Cell-type specific inactivation of sumoylation during mouse spermatogenesis - Abstract. Previous studies from our laboratory have obtained evidence implicating sumoylation in
regulation of different events during spermatognenesis. SUMO is abundantly expressed in germ cells from
different species, and the localization pattern suggests diverse and potentially multiple roles of sumoylation
in testicular function. We have also performed a broad-spectrum cell-specific identification of SUMO targets
in purified mouse germ cells. Numerous proteins with important roles during mitosis, meiosis and spermatid
differentiation have been identified. Level of sumoylation correlated with the proliferation activity of germ
cells. Notably, in mouse spermatocytes, inhibition of global sumoylation with the inhibitor Ginkgolic acid
(GA) arrested cells at the G2/M1 checkpoint in vitro due to the inability of spermatocytes to condense
chromatin and disassemble their synaptonemal complexes (SC). Our preliminary data show that Polo
kinase1 (PLK1) and Aurora B (AURKB) are activated upon G2/M meiotic transition, but significantly
inhibited upon inhibition of sumoylation. Since PLK1and AURKB are responsible for the disassembly of the
SC and chromatin condensation, respectively, these kinases are "at the right place, at the right time" to at
least, in part, explain the meiotic arrest. However, definite evidence regarding the importance of
sumoylation and its targets in germ cells in vivo is lacking because of the embryonic lethality of mice with
inactivated sumoylation machinery. The specific aims of the current application will be: 1) To perform a cell-
specific inactivation of sumoylation and characterize the consequences of this inactivation in mitotic
spermatogonia, meiotic spermatocytes and differentiating spermatids in vivo using a UBA2 (SUMO-
activating enzyme) loxP mouse model that we possess as well as commercially available mouse models
expressing Cre recombinase in the corresponding germ cells; 2) To dissect the molecular events regulated
by sumoylation in spermatocytes through analysis of the activity, interacting partners and phosphorylation
status of known downstream targets of PLK1 and AURKB upon inhibition of sumoylation in vivo and in vitro.

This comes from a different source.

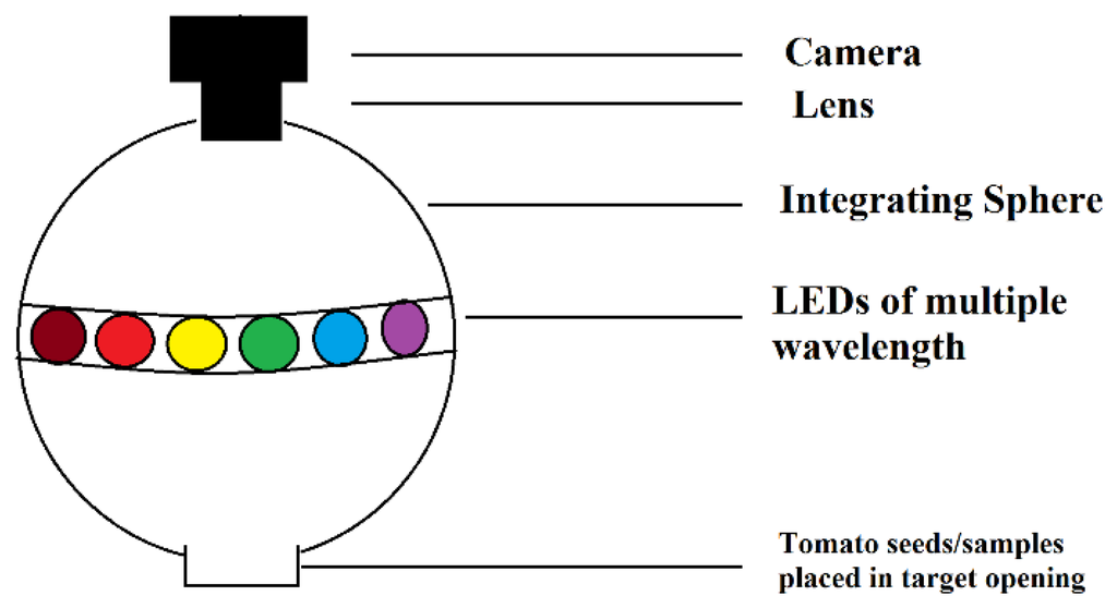 Multispectral imaging is a developing non-destructive technology, which combines the benefits of conventional imaging and spectroscopy technique by attaining both spatial and spectral information from the object simultaneously. Analyses from multispectral imaging are well suited for on-line process monitoring and quality control as they are non-destructive, simple and rapid does not require sample pre-treatments. This technology also presents an opportunity to measure different components at the same time for quality assurance [12,13]. Multispectral imaging has been used to predict unripe tomatoes with an accuracy of 85% [14], bioactive compounds in intact tomato fruit [12] and has also been used for identification of cherry-tomato with a prediction accuracy of 80% [15]. Further, it has also been reported to discriminate between transgenic and non-transgenic rice [13]. Similar non-destructive technology like hyperspectral imaging had been used in discrimination of maize varieties [16] and wheat classes [17]. However, to our knowledge, there are no published data on multispectral imaging or any other similar technologies for variety identification of tomato using the individual seeds.

Together, the proposed research and follow-up studies will advance knowledge across the field of germ cell
biology by the characterization of post-translational modification networks necessary for the progression
throughout spermatogenesis. A significant part of the proposed project will be conducted by undergraduate
students who will have the opportunity to use state-of-the-art equipment, learn hypothesis generation and
practice basic and advanced biomedical techniques. They will be involved in germ cell isolation, preparation
of cell lysates, western blot, PCR, microscopy, and bioinformatics analyses. Opportunities to participate in
research early in their careers will give students a better understanding of a career in science and will
motivate them to pursue their education in STEM fields.